Third Arc (Fallen Heart) - 406. Full Moon I
The night had turned black and breathless.
Not the kind of peaceful darkness that lulls a house to sleep—but the kind that hangs in the air like smoke before a storm. Heavy. Dense. Watching.
Far from the gold-lit spires and smooth marble of Euphorion's capital, past the old border trails and half-forgotten paths, nestled deep in the hilly stretch of Zephyrus territory, stood a manor. Isolated. Oddly shaped. Too old for comfort, too new to be a relic. It didn't look like it belonged to anyone—but it was warded like it belonged to someone very important.
Magic formations pulsed faintly along its outer edge. Runes etched into jagged stone lit up and dimmed in soft rotations. Most were repelling barriers—older ones drawn in crescent shapes to keep out the wild beasts that roamed the nearby woods. Others were more recent. Thick, jagged spellwork laced with blood-pacted ink meant to shatter curses before they touched the door. And the third layer… darker. Designed to disorient anyone who arrived with hostile intent.
And tonight?
All three layers hummed. Uneasy. Like they sensed something coming.
Inside the manor, the air was warmer. Still, but not soft. The kind of silence that didn't cradle—it pressed. The kind that warned.
The master of the house, an old man named Silvan, sat near the hearth in a tall, cracked leather chair. The firelight played across his face—lined, shadowed, with a beard turned mostly to snow. His eyes, though dulled with time, still held sharpness. The kind that read too much, saw too much, lived too long.
He should've been asleep.
His two grandsons were already deep in their dreams upstairs. His three remaining servants had retired earlier after preparing tea and bolting all the windows—though they barely needed to, with how tightly sealed the manor's enchantments were.
But Silvan couldn't sleep.
Not because of the aches in his joints, or the way the storm wind howled past the chimney like a wolf sniffing for a crack.
No.
It was the letter.
The one sent a month ago. From the king of Euphorion himself.

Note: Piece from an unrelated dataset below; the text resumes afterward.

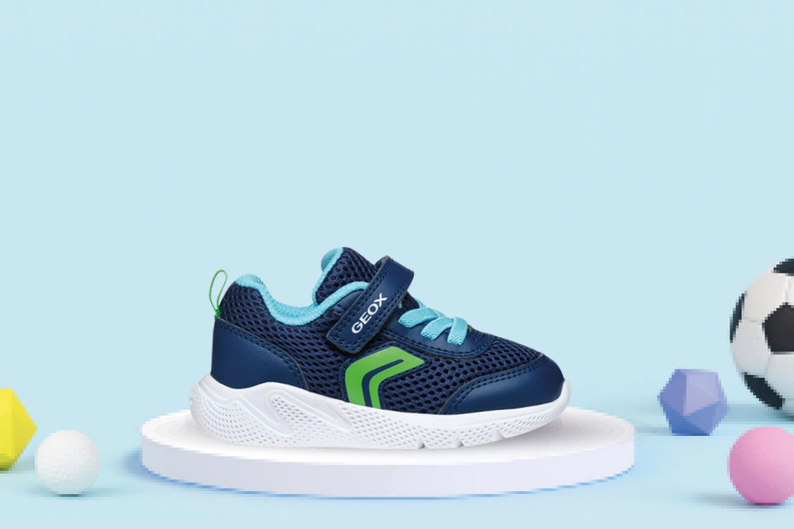 Geox Sprintye B454UC 01454 er en sporty og lett sneaker for de minste, utviklet med tanke på bevegelse, lek og komfort. Denne modellen i marineblått med friske detaljer i grønt og lyseblått har et klassisk løpeskodesign som både ser bra ut og føles godt på foten.

"I will visit, with my queen, before the next full moon. Your insight is required."
That was all it had said.
No exact date. No formal seal of visit. Just a king's word.
Silvan folded and refolded the damn parchment five times that day. The letter now sat on the small table beside him.
They were supposed to come today.
And now it was almost midnight.
Still no rider.
No knock at the manor door.
No flare across the ward to signal royal approach.
Silvan stared into the fire. Not blinking. Not really seeing.
He'd lived long enough to know when his bones whispered something bigger than anxiety. This wasn't just nerves. This wasn't age.
It was instinct.
Something was coming.
And not just the king.
His hand twitched once, then slowly moved to his walking cane—not because he needed it to walk, but because he had things hidden inside it that were better drawn than left waiting.
He stood, quietly. Listened.
The wind moaned against the high windows again. Then the wards outside gave a soft pulse—one beat, then nothing.
He narrowed his eyes.
Not a break.
Not an attack.
Just… a ripple.
He turned from the fireplace and moved to the long hallway at the back of the sitting room. The manor creaked gently with his steps.
He passed the hall of books, passed the door marked with a forgotten language that no one else in the manor was allowed to touch. Then finally came to a small chamber with a wide arched window. It overlooked the northern edge of the estate.
Silvan pushed the curtain aside and peered out.
Nothing.
No light on the hills.
No movement among the trees.
But still—his gut twisted tighter.
He muttered a spell under his breath, and the glass shimmered. The trees beyond lit up faintly in his vision—outlined by threads of detection magic.
Still… no signs.
But the wards had felt something. That he was sure of.
He didn't bother with the staff bell. He moved back to the main room, grabbed the old iron teapot, and poured himself what remained of the bitterroot blend the servants had left for him. Cold now. He sipped anyway.
"Why do I feel like the monsters I've kept out for forty years are going to seem like kittens compared to what walks through my door tonight?" he muttered.